Ask 100 people to describe what they think is the “prime London Property Market” and you may get 100 different answers.
Be wary of new build
My advice is to be very wary of the new build developments. While some of these will prove to be good investments, others will be expensive burdens. Several members have thanked me for talking them out of buying apartments off-plan as prices look to be dropping while the incentives from the developers to buy are growing.
We are currently seeing a natural correction in the traditional market rather than anything more sinister. Firstly, the lending over the last five years has been incredibly responsible and solid. Research by Lloyds showed that over 50% of properties over £1m were bought with cash and a further 25% were bought with mortgages of under 50% LTV between 2011-2013. This is a million miles from the reckless lending of the early 2000s.

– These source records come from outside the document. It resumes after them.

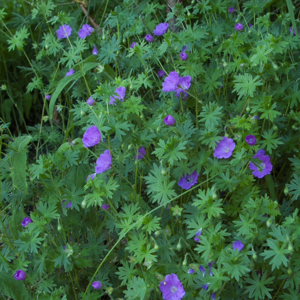 2. Wonderfully vivid shade of geranium, whatever its cultivar. My “lawn” had just stopped producing buttercups, daisies, and Black-eyed Susans. Time for the mower.
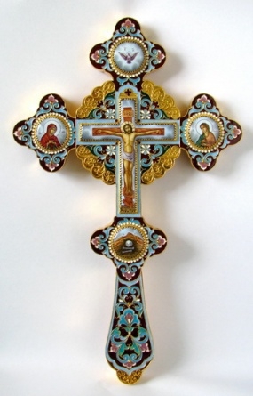 Крест напрестольный филигрань, эмаль, роспись, финифть / золочение
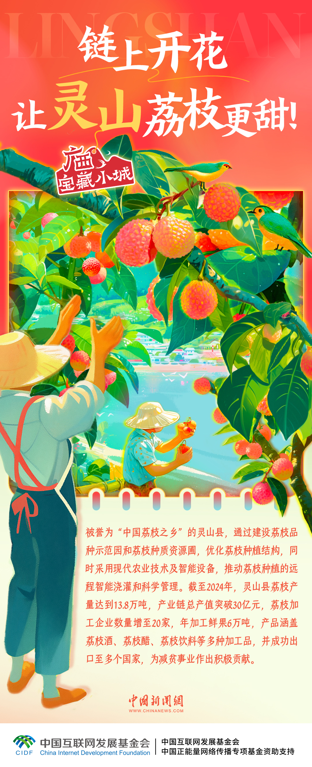 被譽(yù)為“中國荔枝之鄉(xiāng)”的靈山縣,正以創(chuàng)新之姿引領(lǐng)現(xiàn)代果業(yè)發(fā)展浪潮,打造從鮮果到深加工的完整產(chǎn)業(yè)鏈,多元產(chǎn)品暢銷海內(nèi)外,實(shí)“荔”出圈。一起走進(jìn)廣西寶藏小城靈山,感受荔枝產(chǎn)業(yè)的智慧轉(zhuǎn)型↓↓↓
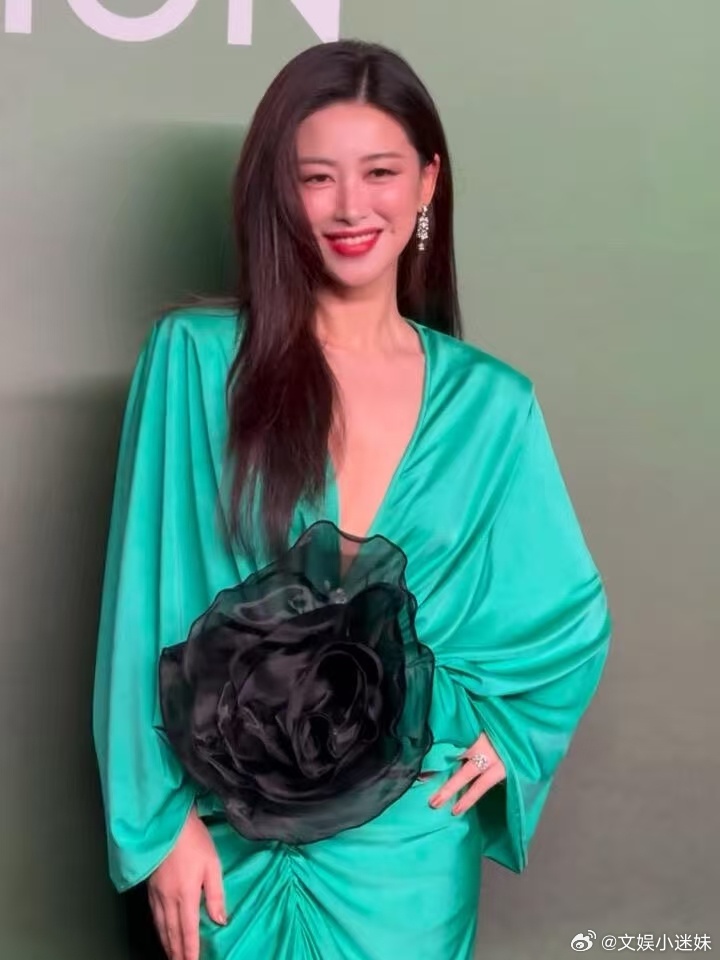 朱珠胸前好大一朵黑玫瑰 这朵黑玫瑰仿若专为朱珠而生,神秘黑色邂逅东方气质,她一转
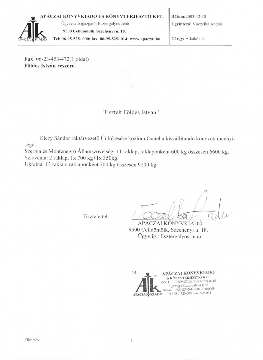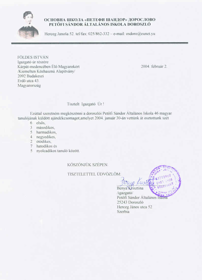 Köszönőlevél a doroszlói Petőfi Sándor Általános Iskola igazgatónőjétől
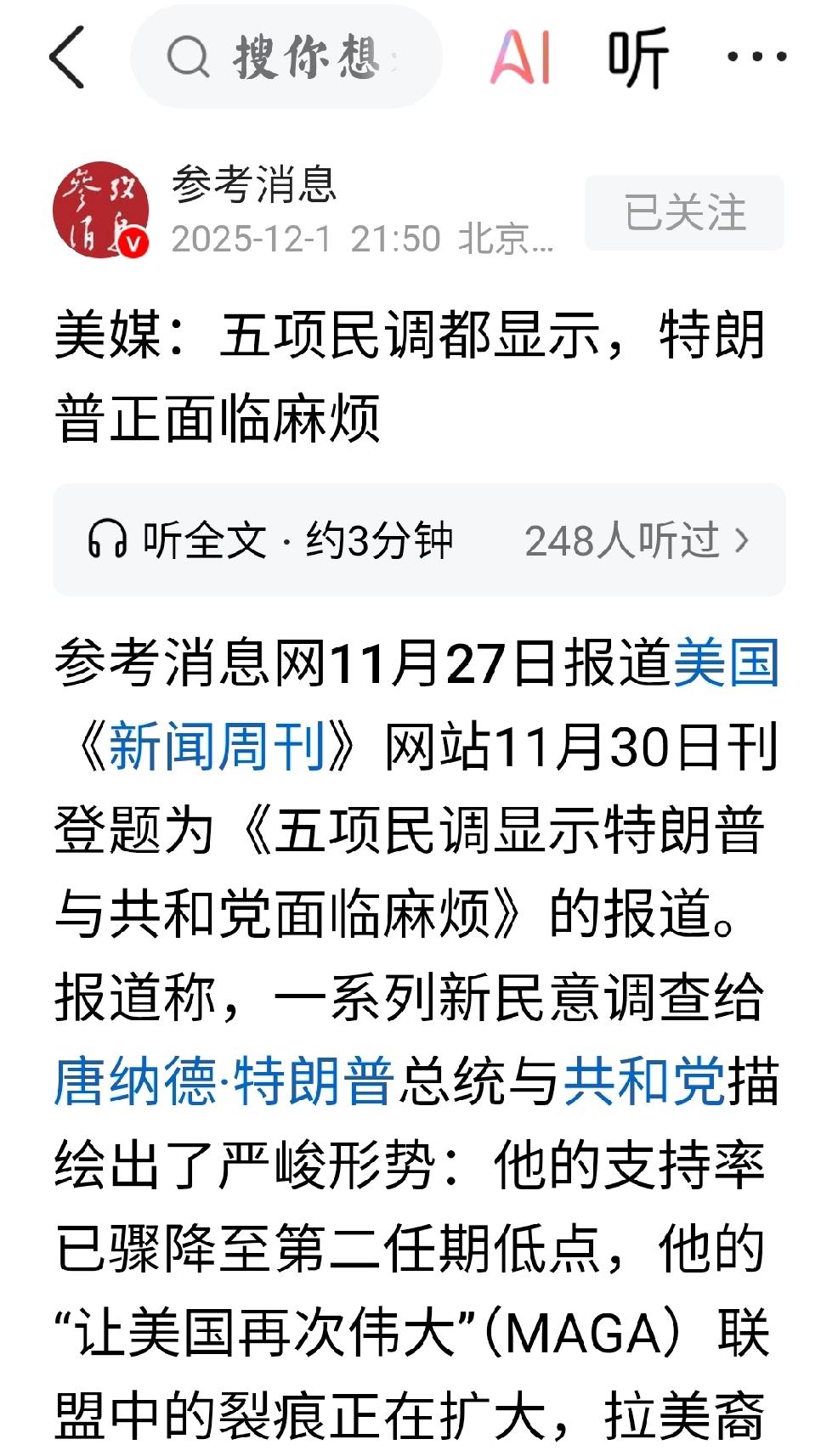 此刻美国民意,抛弃了谁? 个人观点:美国民意的转向,代表着什么? 首先,美国民意因为近期美国总统特朗普关于移民政策的三个决定产生了骤然的变化。 这种变化正在向着美国总统特朗普不愿意看到的方向发展,非常不利于特朗普。 个人认为,特朗普的思想逻辑认为:再拿钱买回来,这些摇摆的民意。感恩节飞机上的合照,告诉了全球民众,世界上最大强权代理人与世界上最有钱的人,正在一起过感恩节,吃大餐。 所以此刻美国民心的变化,代表着特朗普更加强势和未来严厉的对待非白人措施。 同时,这也意味着当前美国领导层要把注意力不再放在国际事务中,重点放在国内。 可以说,非常高兴的看到加勒比海高压态势—委内瑞拉,暂时得到缓解。至于微不足道的日本,妄想拉美国参战,一起开战中国,短时间内是不可能。 这就是美媒民调带给个人的思考。
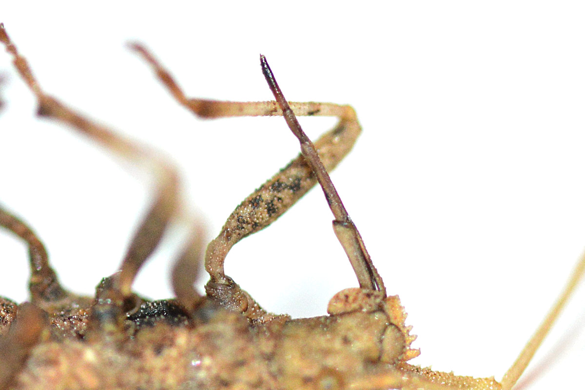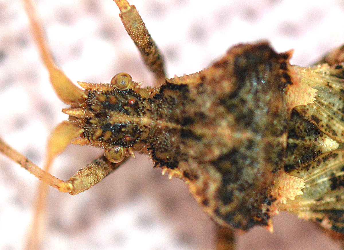 Entró en casa volando una chinche variegada, Centrocoris sp (Coreidae). Se posó sobre uno de los sofás de la salita. Mi mujer me avisó y cogí la cámara. Es una chinche muy particular por la cantidad de protuberancias que tiene en la cabeza y el pronoto. Un detalle bonito es que tiene dos espinas blancas en la parte posterior del pronoto que apuntan hacia el abdomen (figura 3). Se trata de un insecto que se alimenta de los jugos de las plantas. En la imagen número 6, se puede ver el largo aparato picador-succionador que usa para alimentarse.
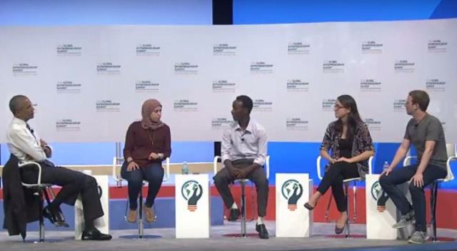 En el evento organizado por el gobierno de los Estados Unidos, que reunió a emprendedores de todas partes del mundo e inversionistas, la joven empresaria habló sobre la importancia el rol de los start-ups (pequeñas empresas en formación), la innovación y la red social Facebook para impulsar negocios.
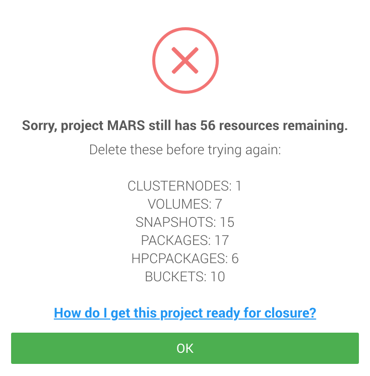 Click the red CLOSE button and we will check to see if there is anything left on this project that is currently accruing costs. If there is, you will see something like this:
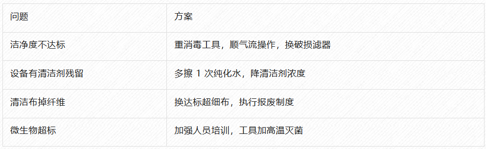 Cleaning during shutdown (night / maintenance period); Before cleaning, measure the cleanliness level using a particle counter. If it exceeds the standard, investigate (filter / personnel); Power off the equipment, and ensure there is no obstruction in the fire escape route.
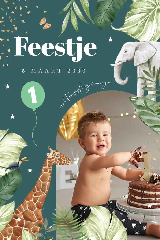 Uitnodiging kinderfeestje voor een jongen of meisje met jungle dieren, olifant, giraffe, tropische bladeren en eigen foto in boog vorm en goudfolie.
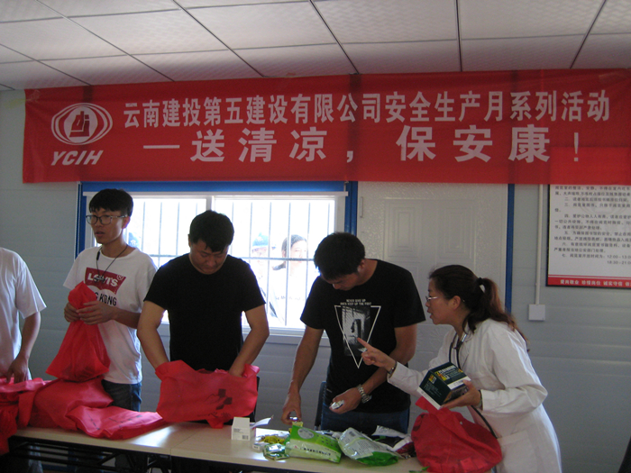 最后,公司工會(huì)要求項(xiàng)目部要做好職工的飲食衛(wèi)生和防暑降溫、疾病預(yù)防等工作,科學(xué)安排高溫期間的工作時(shí)間,加大對(duì)職工防暑降溫和中暑急救知識(shí)的宣傳教育,切實(shí)關(guān)心職工及農(nóng)民工的身心健康。

Secondly, as interest rates do not seem to be going anywhere soon, there are very few forced sellers - one of the reasons why transactions have been so low. Just as many purchases in prime central London are discretionary, so are many sales.
More price increases to come
But these are passive reasons why the market will not fall into a death spiral. There are various reasons why I think we will see huge price growth in coming years. But please note this growth will not be steady. There will be years of explosive house price increases while other years will see minor falls.
Two of these reasons are:
- Corporation Tax – Osborne announced that Corporation Tax would be reduced to make it the lowest in the G20. This will attract a vast amount of investment into the UK which will feed into higher land prices.
- Credit will become more available – The scars of 2008 are still raw which is why everyone is so jittery. It was exactly the same in 1998 after the crash of 1990. Any weakness in the market is seen to herald the “proper crash” as 2008 was regarded in prime central London as a false dawn.
Lending has been incredibly conservative but this will change and the mainstream banks will slowly start to lend more. They will dip their toes in the water, then start paddling and eventually there will be a massive pool party as the mainstream are joined by all and sundry in a frenzy of lending and consequent steep price rises.
This will be the harbinger of the next crash. However, we are years away from this scenario playing out in the traditional prime London market.
We are currently seeing a correction in response to the numerous tax changes announced the last 18 months including:
- The increase in SDLT
- The reduction in mortgage interest rate relief for buy-to let investors
- The additional 3% payable on SDLT for investors and second home buyers
- The proposed changes to the tax regime for non-domiciles (the details are still awaited).
If the market hadn’t corrected in the face of so many changes and uncertainty, then I would be worried as “irrational exuberance” would have taken over.
London will always be a great city
It’s important to remember that the demand for London property is not just driven by the tax and investment case. The vast majority of non-doms buy property in London because not only is it an easy place to do business but it is also an exciting, vibrant, cultured, politically stable and relatively safe city.
The immense tax breaks they enjoyed were the icing on the cake. Yes, some will flee London because their entire focus is legal tax avoidance but - judging by my conversations with various tax advisers and wealth managers – they are the minority.
Are they happy that they have to pay more tax? Obviously not. But it is not a catastrophe either (unless there is a surprise in the final plans).
The effect of a Brexit may be a concern but, whatever happens, I find it very hard to believe that London and the UK will suddenly change dramatically to become a barren wasteland. Ultimately, the world will keep spinning and London, for now, will continue to be one of the greatest cities in the world.